Here's an article by senior writer Randell Mell of the Golf Channel that's articulates exactly what happened to Wie and the two-stroke penalty.
Rarely has a six-shot runaway victory ended with so much tension.
We can thank Michelle Wie and LPGA rules officials for that.
Hee Kyung Seo easily won Sunday's Kia Classic, but Wie was center stage in some unexpected televised theater. With Golf Channel rolling live, we got to watch and listen to Wie’s passionate appeal over whether she deserved a two-shot penalty for grounding her club in a hazard at the 11th hole.
“I don’t feel like [the ruling] was right,” Wie told Golf Channel’s Val Skinner afterward.
In review, Wie was five shots off the lead when she hit her ball into the water’s edge near the 11th green. With her right foot in the water and left foot on the bank, she barely splashed the ball onto the shore. After water cascaded over her, and after finishing her swing, she set her club onto the ground with her left hand, within the red hazard line. Golf Channel’s Kay Cockerill quickly saw the problem and pointed out the potential rules violation. Analyst Judy Rankin weighed in, explaining that it would not be a penalty if Wie was using the club to catch her balance.
Not long after holing out at the 11th for what she thought was a par save, Wie was informed that she incurred a two-shot penalty for grounding her club. After the round, in a Golf Channel truck, Wie and rules officials engaged in a classic golf rules debate.
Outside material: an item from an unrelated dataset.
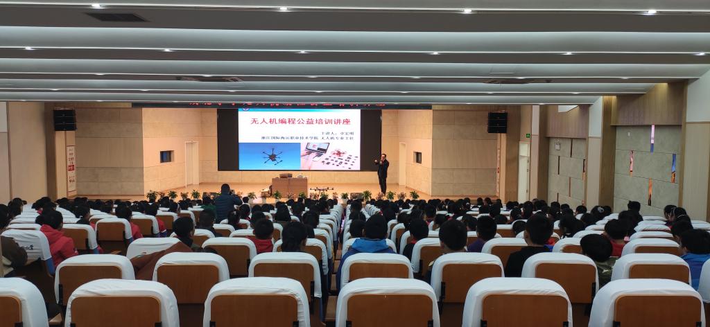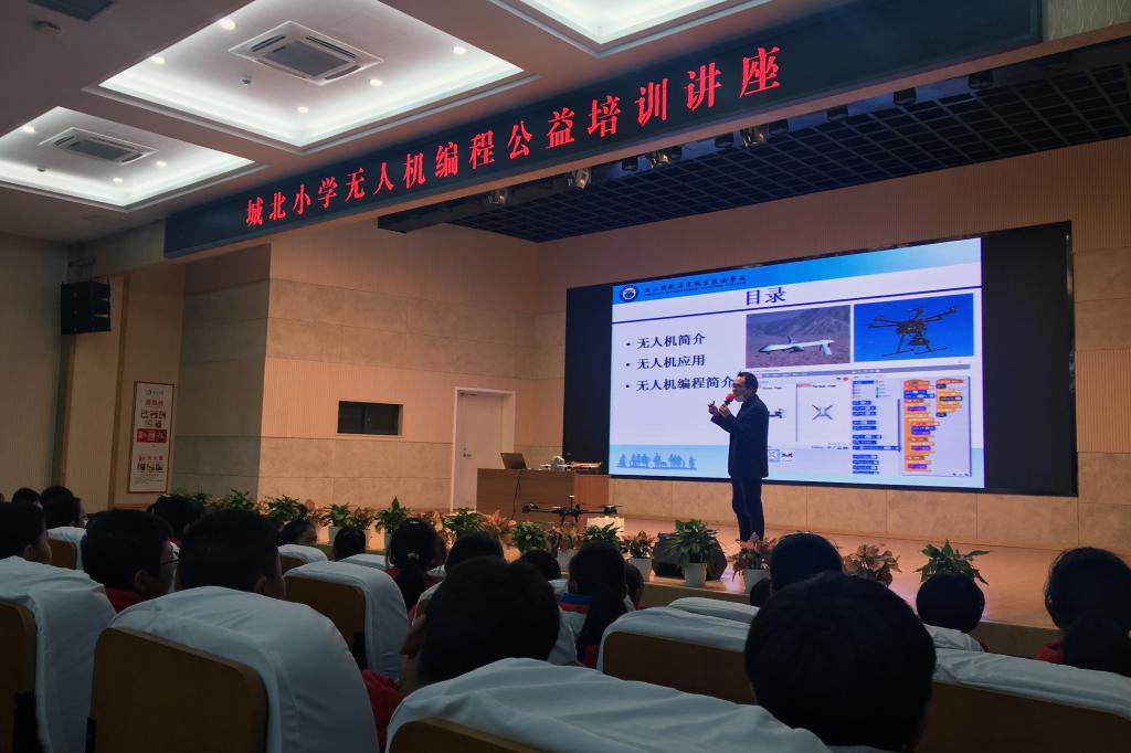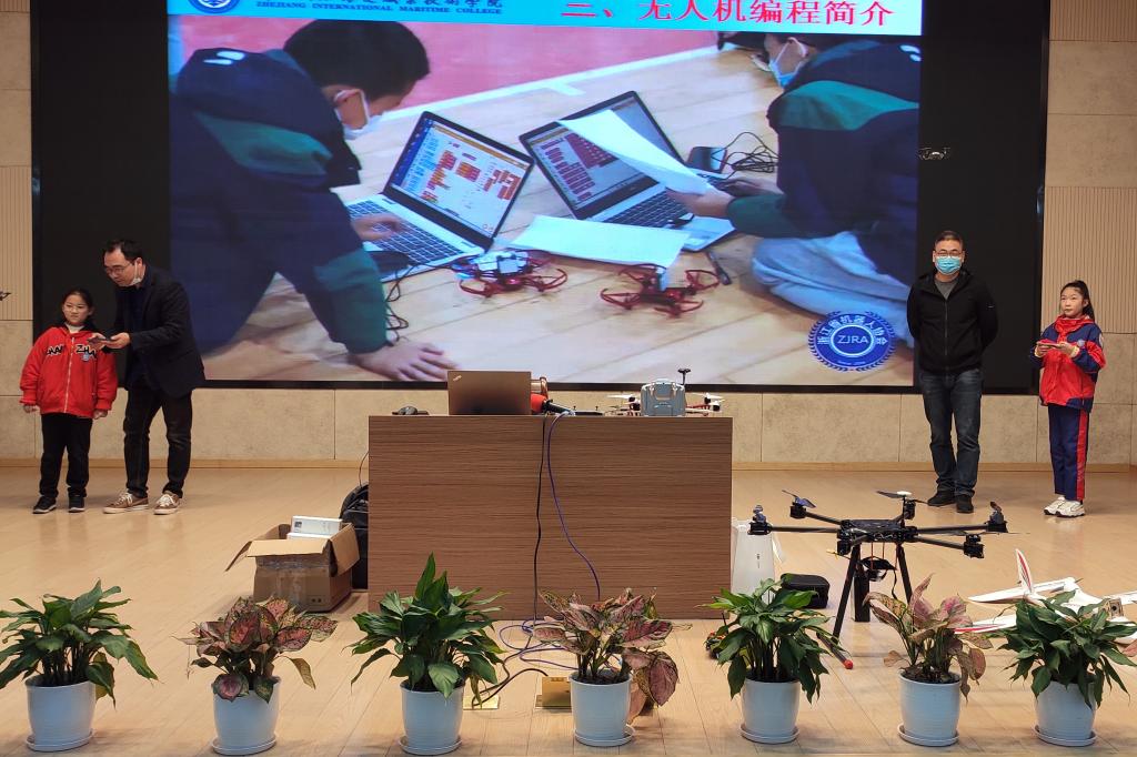 12月9日,应普陀城北小学邀请,船舶工程学院卓宏明等4名教师赴普陀城北小学为320余名师生开展了无人机编程公益培训讲座。

Wie conceded that it did not look as if she was using the club to help her catch her balance -- it did not look that way -- but that she actually was. She raised some good points in whether rules officials were making assumptions of facts they could not know. If you’re into the rules, it was a classic encounter into a gray area.
“I know what it looks like, but it was a really slippery spot,” Wie told officials. “It seems really unfair because I know I was off balance.”
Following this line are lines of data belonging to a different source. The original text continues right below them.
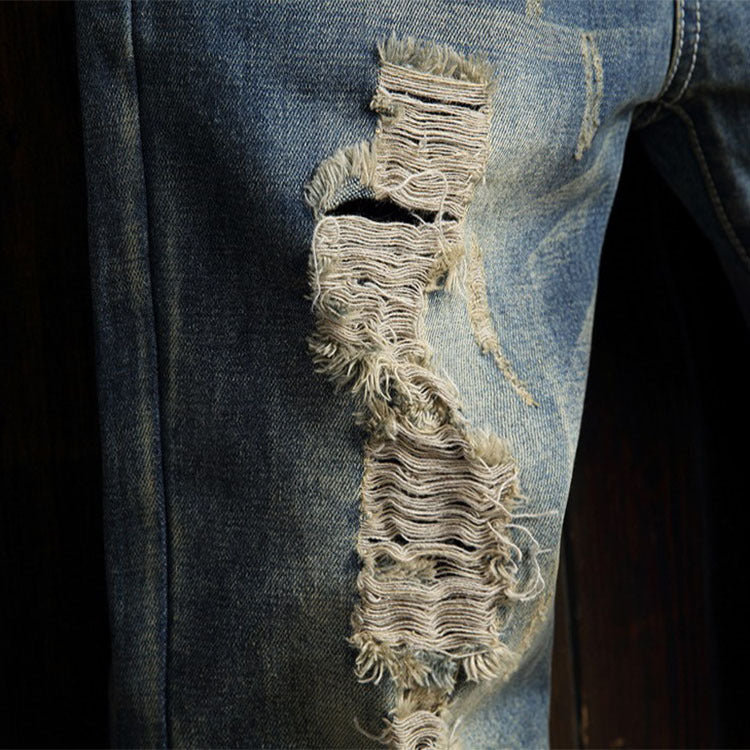 Ripped Cotton Non-Elastic Denim jeans(ML8239)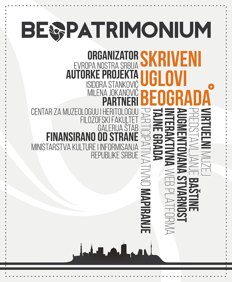 Zadovoljstvo nam je da vas pozovemo na radionicu “Skriveni uglovi Beograda – Participativno mapiranje nasleđa grada”, koju Evropa Nostra Srbija organizuje u saradnji sa Centrom za muzeologiju i heritologiju Filozofskog fakulteta u Beogradu. Radionica, koja će biti održana od 11. do 13. decembra 2015. godine, predstavlja deo projekta BeoPatrimonium, koji kreiranjem “virtuelnog muzeja” grada Beograda ima za cilj da predstavi različite poglede na nasleđe ovog grada, kako posetilaca portala, tako i istraživača na projektu i studenata Filozofskog fakulteta u Beogradu.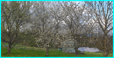 Mes arbres fruitiers (bigarreau, reine-claude et mirabellier) sont en fleurs le 16 avril.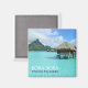 Square souvenir fridge magnet of a luxury honeymoon overwater bungalow resort in the clear blue lagoon of the pacific island of Bora Bora, near Tahiti in French Polynesia with the text: 'BORA BORA, French Polynesia'. A great souvenir!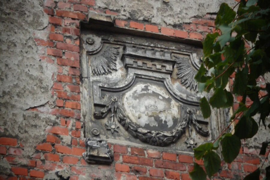Главный фасад дома ни разу не ремонтировался, поэтому декор не успели скрыть под наслоениями поздних штукатурок. На фасаде можно увидеть лавровые венки, лепные панно с гирляндами и гербы.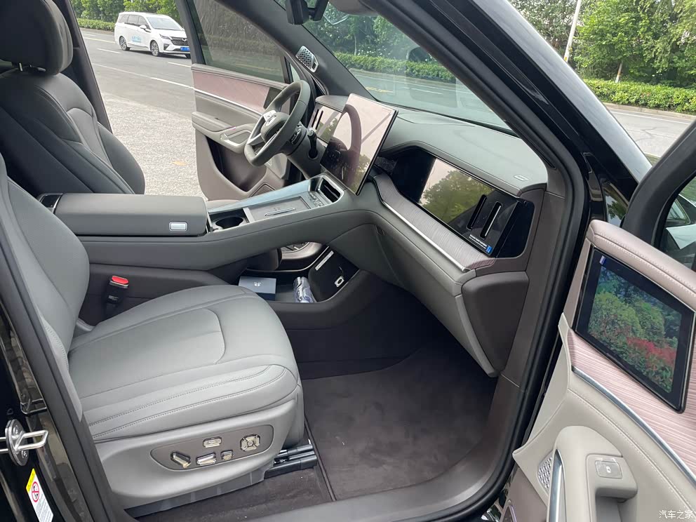 前面也提到了,空间真的是腾势N9的一大亮点,我身高185,坐在驾驶位。头部和腿部空间都很充裕,一点不憋屈,家人坐在第二排说比家里沙发还舒服,腿托和按摩功能,简直是“头等舱”待遇,第三排也不是摆设,坐2个成年人短途完全没有问题,长途的话把座椅角度调一调,也能舒舒服服的。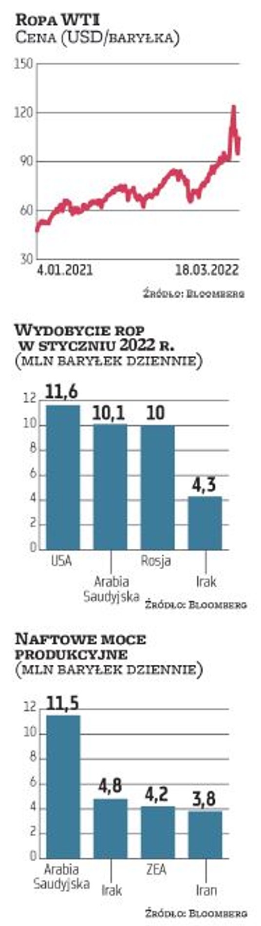 Niektóre z tych państw już i tak zbliżyły się do pełnego wykorzystania mocy wydobywczych. Na przykład Kuwejt produkował w lutym 2,62 mln baryłek dziennie, a jego moce oceniano na 2,72 mln baryłek dziennie. Są też jednak państwa, które są w stanie znacząco zwiększyć produkcję. Zjednoczone Emiraty Arabskie mogłyby ją podnieść z 2,96 mln baryłek dziennie do 4,2 mln, a Arabia Saudyjska z 10,17 mln baryłek dziennie do 11,5 mln. Razem dałoby to już 2,5 mln baryłek dziennie. Problem jednak w tym, że ani Arabia Saudyjska, ani ZEA nie chcą obecnie zwiększać wydobycia. Prezydent USA Joe Biden próbował w ostatnich tygodniach namawiać do tego księcia Mohammeda bin Salmana, saudyjskiego następcę tronu. On jednak „nie znalazł czasu" na rozmowę z amerykańskim prezydentem, podobnie jak monarchowie z ZEA. Być może to tylko ich taktyka negocjacyjna, ale nie da się ukryć, że od objęcia władzy przez Bidena relacje USA z obiema monarchiami mocno się ochłodziły. Biden wszak obiecywał, że uczyni z Arabii Saudyjskiej międzynarodowego „pariasa", za to, że królestwo to zabija dysydentów politycznych. Złym znakiem dla Amerykanów jest to, że Saudyjczycy jednocześnie ocieplają swoje relacje z Chinami. Mają nawet rozmawiać z Pekinem o tym, by część handlu ropą rozliczać w juanach, a nie w dolarach.

Wie said the splash of water caused her to close her eyes, and set the club down instinctively to feel her balance.
“You were not me, and you can’t give me a penalty for what it looks like,” Wie pleaded with cameras rolling. “You don’t know for a fact that I was not off balance.”
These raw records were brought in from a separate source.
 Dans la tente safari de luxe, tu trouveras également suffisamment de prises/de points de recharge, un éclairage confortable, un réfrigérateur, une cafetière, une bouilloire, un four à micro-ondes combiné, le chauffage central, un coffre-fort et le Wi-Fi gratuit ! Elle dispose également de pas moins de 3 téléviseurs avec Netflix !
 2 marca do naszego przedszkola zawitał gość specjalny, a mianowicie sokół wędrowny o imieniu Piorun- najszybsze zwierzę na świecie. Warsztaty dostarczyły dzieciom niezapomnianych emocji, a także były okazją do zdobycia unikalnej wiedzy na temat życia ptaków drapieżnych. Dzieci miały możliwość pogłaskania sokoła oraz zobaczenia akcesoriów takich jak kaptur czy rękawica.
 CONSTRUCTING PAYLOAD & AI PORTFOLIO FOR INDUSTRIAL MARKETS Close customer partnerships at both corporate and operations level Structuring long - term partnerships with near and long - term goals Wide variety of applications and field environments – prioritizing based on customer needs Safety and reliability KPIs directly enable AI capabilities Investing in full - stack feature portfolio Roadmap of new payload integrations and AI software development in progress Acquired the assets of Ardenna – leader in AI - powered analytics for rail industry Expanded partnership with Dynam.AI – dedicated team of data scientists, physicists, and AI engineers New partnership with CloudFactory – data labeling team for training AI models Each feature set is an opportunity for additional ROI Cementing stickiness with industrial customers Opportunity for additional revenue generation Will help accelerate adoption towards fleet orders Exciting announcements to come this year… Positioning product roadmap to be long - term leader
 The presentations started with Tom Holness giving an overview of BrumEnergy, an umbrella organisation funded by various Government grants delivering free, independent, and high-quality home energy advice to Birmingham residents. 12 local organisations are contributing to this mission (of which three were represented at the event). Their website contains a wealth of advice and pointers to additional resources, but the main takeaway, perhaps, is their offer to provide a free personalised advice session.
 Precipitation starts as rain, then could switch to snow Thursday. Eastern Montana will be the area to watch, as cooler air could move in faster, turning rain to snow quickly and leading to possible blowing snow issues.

LPGA rules chief Doug Brecht told Wie he and two other rules officials could see no evidence that she was off balance. Without two shots deducted, Wie's score would have tied her for second instead of sixth. The difference in prize money would have been about $91,000.
I have to say, I seen the whole thing unfold and it looked like at no point was Michelle off balance so that excuse is a crock. I do think however that the penalty was unfair based on the fact that the grounding of her club had nothing to do with the up-coming shot. It didn't give her any competitive edge, but rules are rules and with out them we have anarchy...or something like that.
What are your thoughts. Did Michelle have a valid beef or did the LPGA officials get it right?